Japans Ministerpräsident reist ins Weiße Haus, Trump sucht in der Straße von Hormus die Unterstützung seiner Verbündeten

Während Japans Premierminister Sanae Takaichi das Weiße Haus besucht, fordert Präsident Trump Japan und andere auf, angesichts der zunehmenden Spannungen Kriegsschiffe in die Straße von Hormus zu schicken.
Während Japans Premierministerin Sanae Takaichi sich auf ihren Antrittsbesuch im Weißen Haus vorbereitet, hat Präsident Donald Trump seine Appelle an Japan und andere Verbündete fortgesetzt, Kriegsschiffe in die Straße von Hormus zu schicken. Die strategische Wasserstraße, die den Persischen Golf mit dem Golf von Oman verbindet, ist zu einem Brennpunkt in den anhaltenden Spannungen zwischen den Vereinigten Staaten und dem Iran geworden.
Die Trump-Regierung hat ihre Partner aufgefordert, sich einer von den USA geführten Marinemission zum Schutz der Handelsschifffahrt in der Meerenge anzuschließen, in der ein erheblicher Teil der weltweiten Öl- und Gasvorräte durch die enge Passage transportiert werden. Trump hat argumentiert, dass die Sicherheit der Meerenge für die globalen Energiemärkte von entscheidender Bedeutung ist, und hat Länder wie Japan, das stark auf importiertes Öl und Gas angewiesen ist, unter Druck gesetzt, militärische Mittel zu den Bemühungen beizutragen.
Takaichis Besuch in Washington kommt zu einem kritischen Zeitpunkt, da die japanische Staatschefin versucht, die heiklen diplomatischen Beziehungen ihres Landes zum Iran auszugleichen und gleichzeitig auf Trumps Forderungen nach einer stärkeren Beteiligung an der Sicherheitsmission in der Straße von Hormus einzugehen. Japan unterhält in der Vergangenheit relativ gute Beziehungen zum Iran und war vorsichtig, sich vollständig der US-Kampagne für maximalen Druck gegen Teheran anzuschließen.

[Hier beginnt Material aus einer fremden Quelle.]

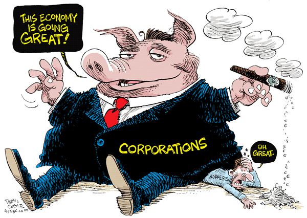 Conservatives may believe that the way to a healthier economy is to make rich people richer, but the American people aren’t buying it any more. They know from painful experience that money doesn’t “trickle down” in our capitalist economy — it flows upward. When workers are doing well everyone does well. That’s just the way it is.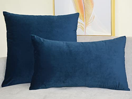 Lutanky confezione da 2 elegante velluto cuscino casi morbido cuscino solido rettangolo cuscino decorativo copre per divano letto auto 12"x20" (30x50cm)(Blu Navy, 2 pezzi)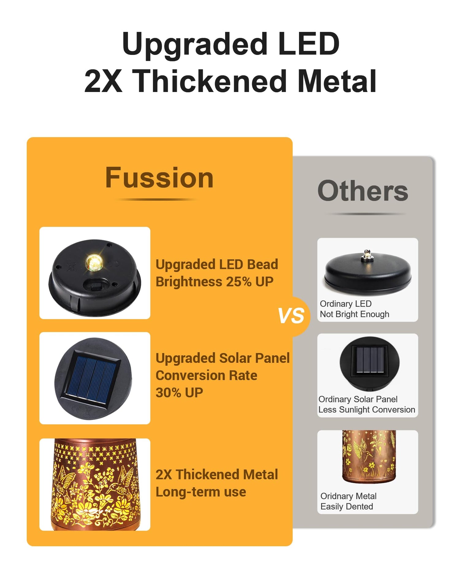 - 【Enhanced Brightness & 2X Thickened Metal】- Enjoy brighter and more vivid illumination with upgraded LED bead that provide 25% more brightness than traditional models. The delicate hollow out metal veneer ensures the Hummingbird pattern is displayed with stunning clarity. Made from 2X thickened metal, these solar lanterns for porch are built to last, offering exceptional durability and resistance to bending or denting. Additionally, the solar panel power efficiency has been improved by 30%, improve energy conversion for longer lighting time.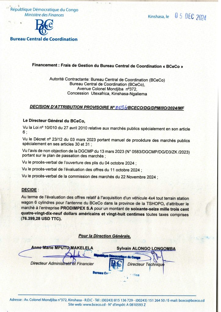 Attribution provisoire du marché d’acquisition d’un véhicule 4×4 tout terrain, station wagon, 6 cylindre pour l’antenne de BCECO en faveur de l’entreprise PRODIMPEX S.A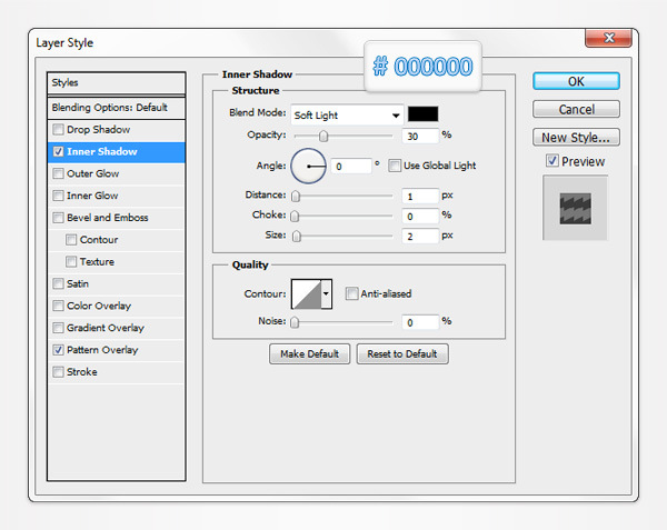 Duplicate the burgundy vector shape (Control + J). Select this copy, clear the current Layer Style attributes, lower its Fill to 0% then open the Layer Style window and enter the properties shown in the following images.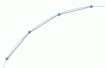 Programmet deler opp kurvene i linjestykker ut fra krav om maksimal sirkelavvik for triangler.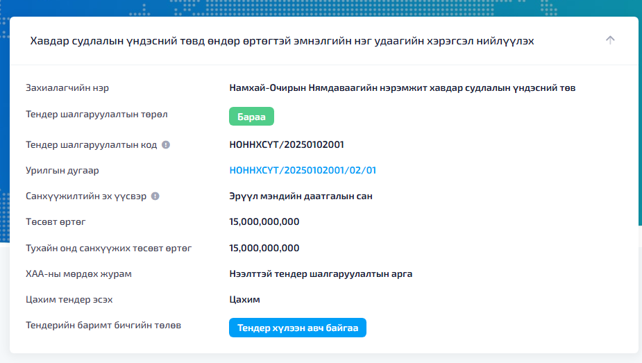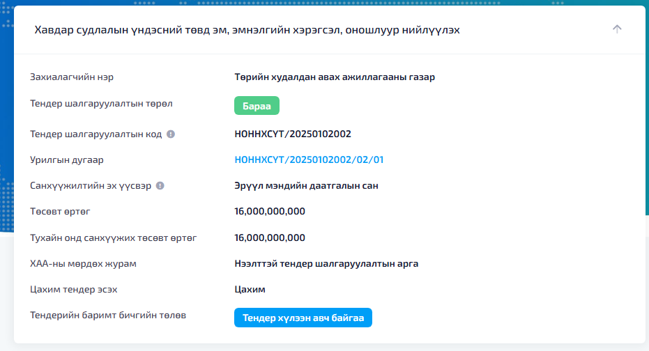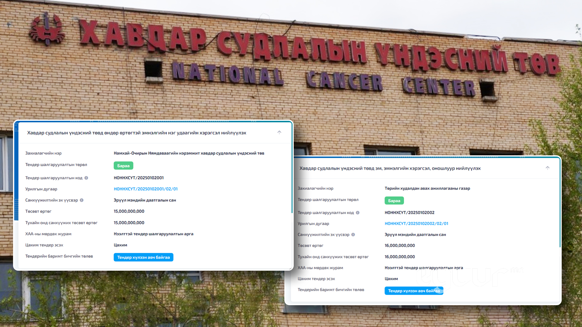 Тодруулбал, Хавдар судлалын үндэсний төвд 16 тэрбум төгрөгөөр эм, эмнэлгийн хэрэгсэл, оношлуур авах, 15 тэрбум төгрөгөөр өндөр өртөгтэй эмнэлгийн нэг удаагийн хэрэгсэл авах тендерийг тус тус зарлажээ.

Die Trump-Regierung hat jedoch deutlich gemacht, dass sie von ihren Verbündeten erwartet, dass sie eine aktivere Rolle beim Schutz der Handelsschifffahrt in der Meerenge übernehmen. Die USA haben als Reaktion auf die von ihnen als verstärkte Bedrohung durch den Iran bezeichneten Maßnahmen bereits zusätzliche Truppen und militärische Mittel in die Region entsandt und ihre Partner aufgefordert, die Last der Sicherung der strategischen Wasserstraße zu teilen.
Während Takaichi sich mit Trump und anderen US-Beamten trifft, wird sie wahrscheinlich unter Druck geraten, japanische Marineressourcen für die Sicherheitsmission in der Straße von Hormus einzusetzen. Das Ergebnis dieser Gespräche könnte erhebliche Auswirkungen auf die Beziehungen Japans zu den USA und dem Iran sowie auf die allgemeinere geopolitische Dynamik im Nahen Osten haben.